There is absolutely a happy medium and service providers absolutely have to meet it, that's the law.
The law is anticipatory (in goods and services), which means service providers have to consider how they would include disabled people with different needs in advance of them turning up to use the service.
That could be via a Risk Assessment process, but that should be well published and its purpose made clear and access explained. The process could have different common conditions and categories of impairment e.g. visual impairment and conditions like Down Syndrome. Known risk concerns could be researched and listed to discuss. Document the discussion and agreed outcomes. The process should be made as not-onerous for the disabled person as possible, which includes keeping evidence demands to a minimum and working out if likely-existing evidence or a statement and signing it is sufficient.
If I use a non disabled changing area in my sports centre and missed an evacuation, I'd have no rights to complain or claim on insurance because I agreed I would always use those changing spaces on my PEEP. If I hadn't disclosed my disabilities when it was clear on the registration forms that I would need to and do a PEEP, then I'd also have no rights under insurance etc.
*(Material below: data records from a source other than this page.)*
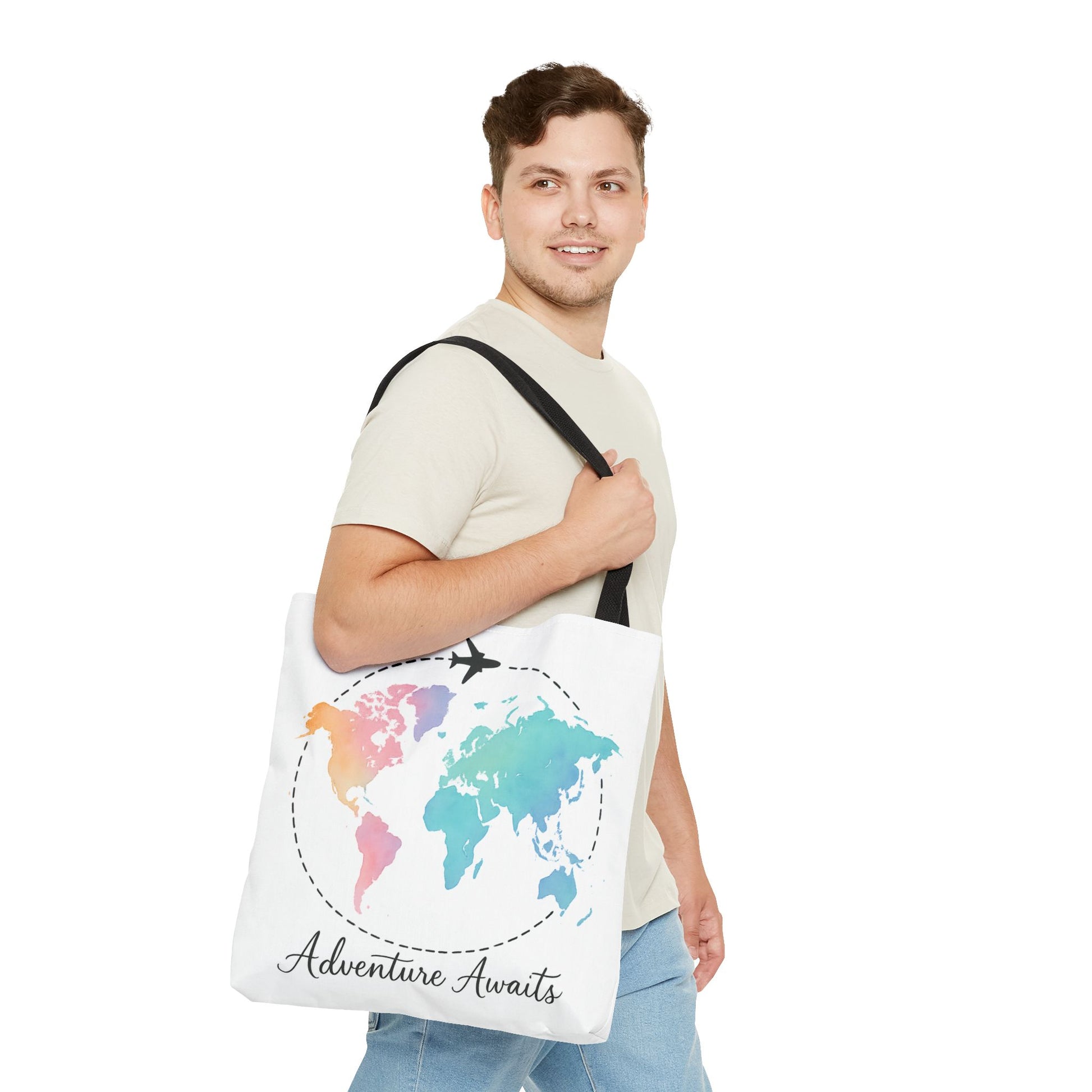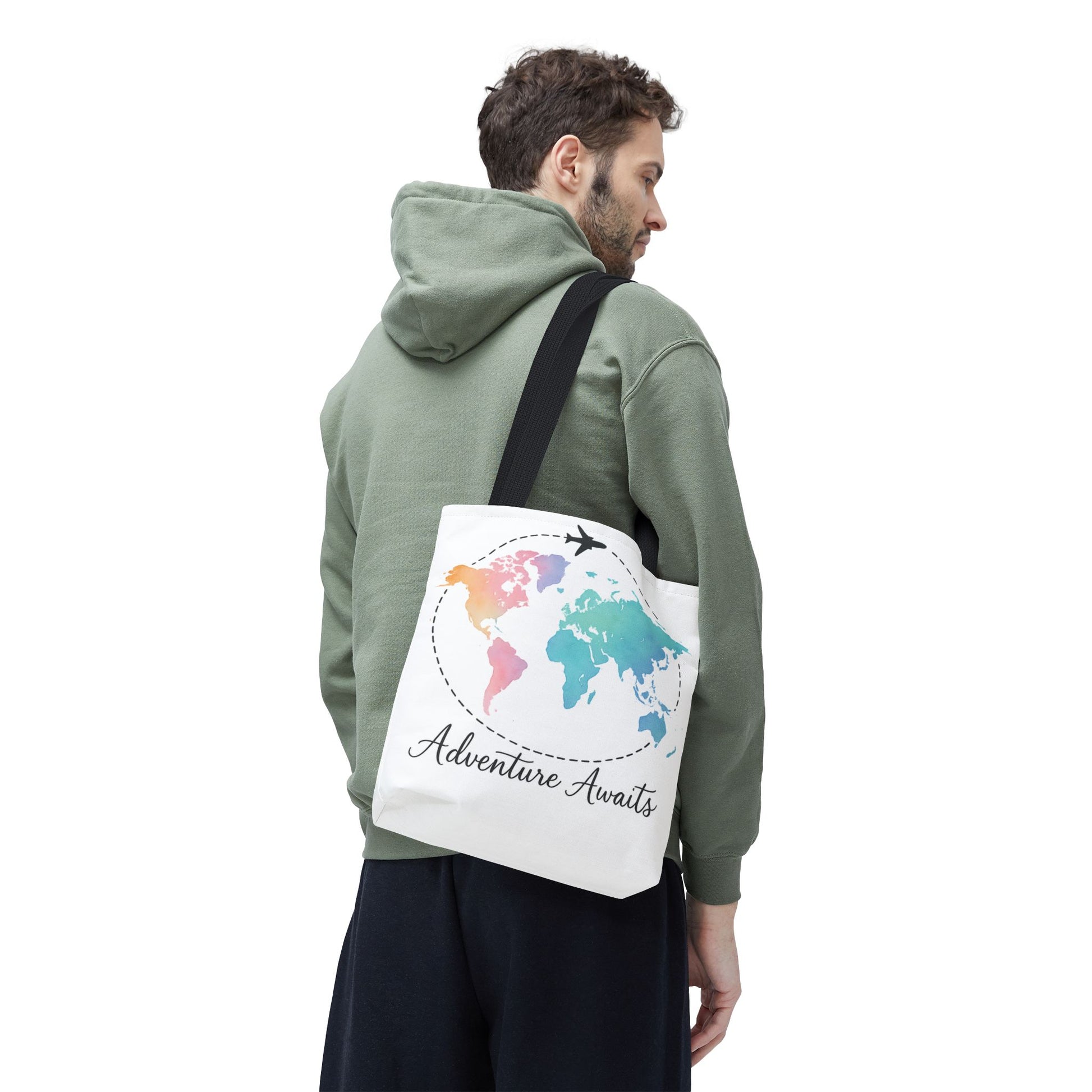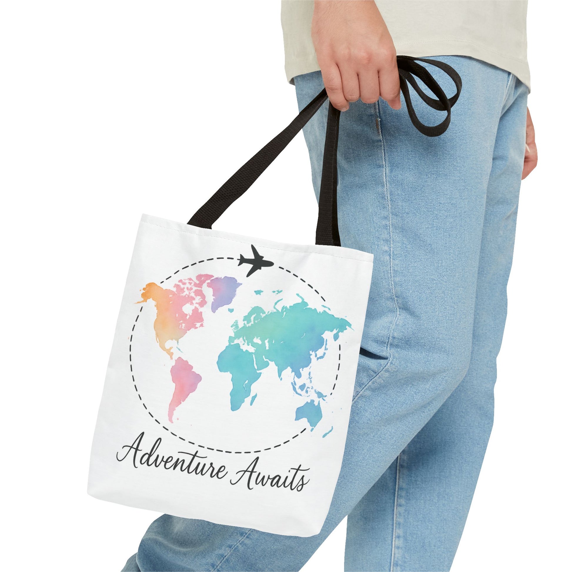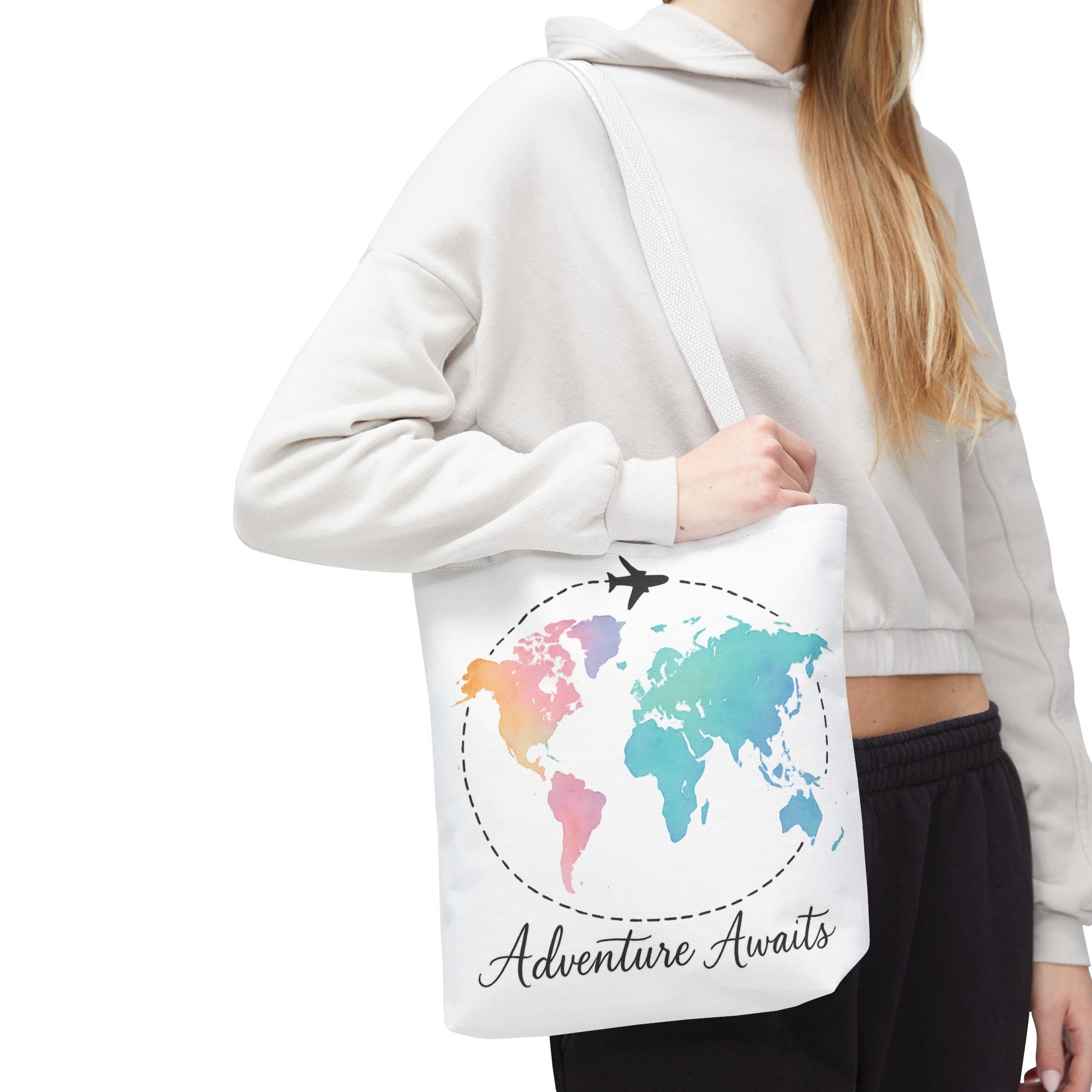 Adventure Awaits Watercolor World Map Tote Bag | Travel Canvas Tote | Wanderlust Gift, Beach, Camping, Airport Carryall, Eco-Friendly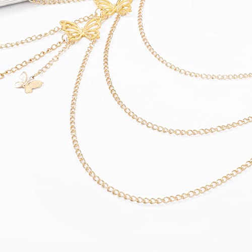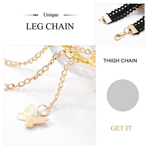 Flovel Catena per gambe a farfalla Boho Catene per il corpo a strati dorate Catena per coscia da discoteca Gioielli regolabili per donne e ragazze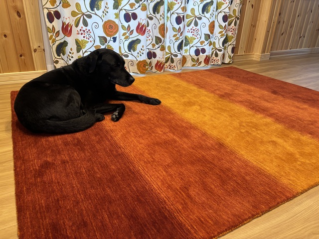 ギャッベを購入しようと探していた際にハグみ絨毯を見つけてこちらにしました!両面使えることや毛足がなくスッキリしたデザインも気に入りました。落ち着いた色合いでソファとの相性も良さそうです。我が家のワンコは敷いた瞬間に上で寝るほど気に入ったよう …続きを読む -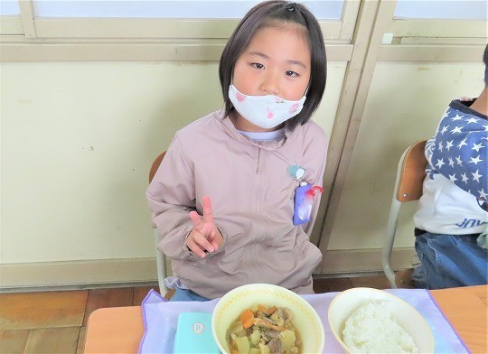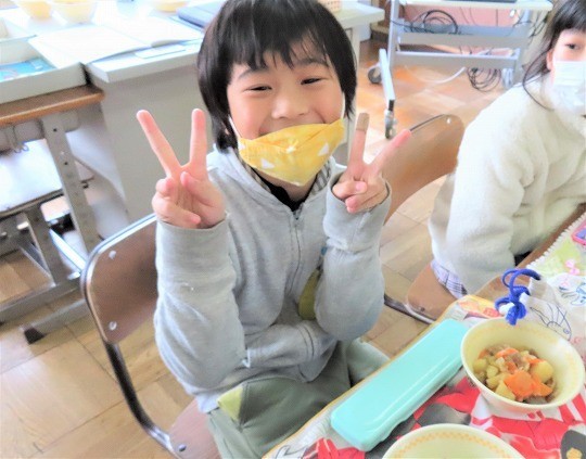 今日のメニューは、ご飯、牛乳、サツマイモコロッケ、親子煮、野菜のおかか和えでした。

We also need orgs who have no rights to disability info to NOT demand it, I've been topping up a spreadsheet I publish about disability discrimination of all kinds (
https://docs.google.com/spreadsheets/d/1U5w4Zgdz-UgTtTSZaRmGSelTMxbnIptKW7ryUMPD5sM/edit# for anyone bored enough to look). Refusal of entry to everywhere from pubs to leisure places is not uncommon for people with physical and cognitive impairments and often staff just make shit up cos they're badly trained and supported by the organisations' owners.
For everyone with a visible condition like Down syndrome there's going to be others whose condition or impairment is less visible. If there's significant safety risks, then there is a question of whether all new members/visitors should have to have a basic safety/health check to ask specific questions (which is how my sports centre do it, they have a section on the membership form asking about mobility, sight, hearing and other likely impairments).
And given how fucking awful so many organisations are, I know many disabled people don't disclose cos they don't want the hassle and stigmatisation.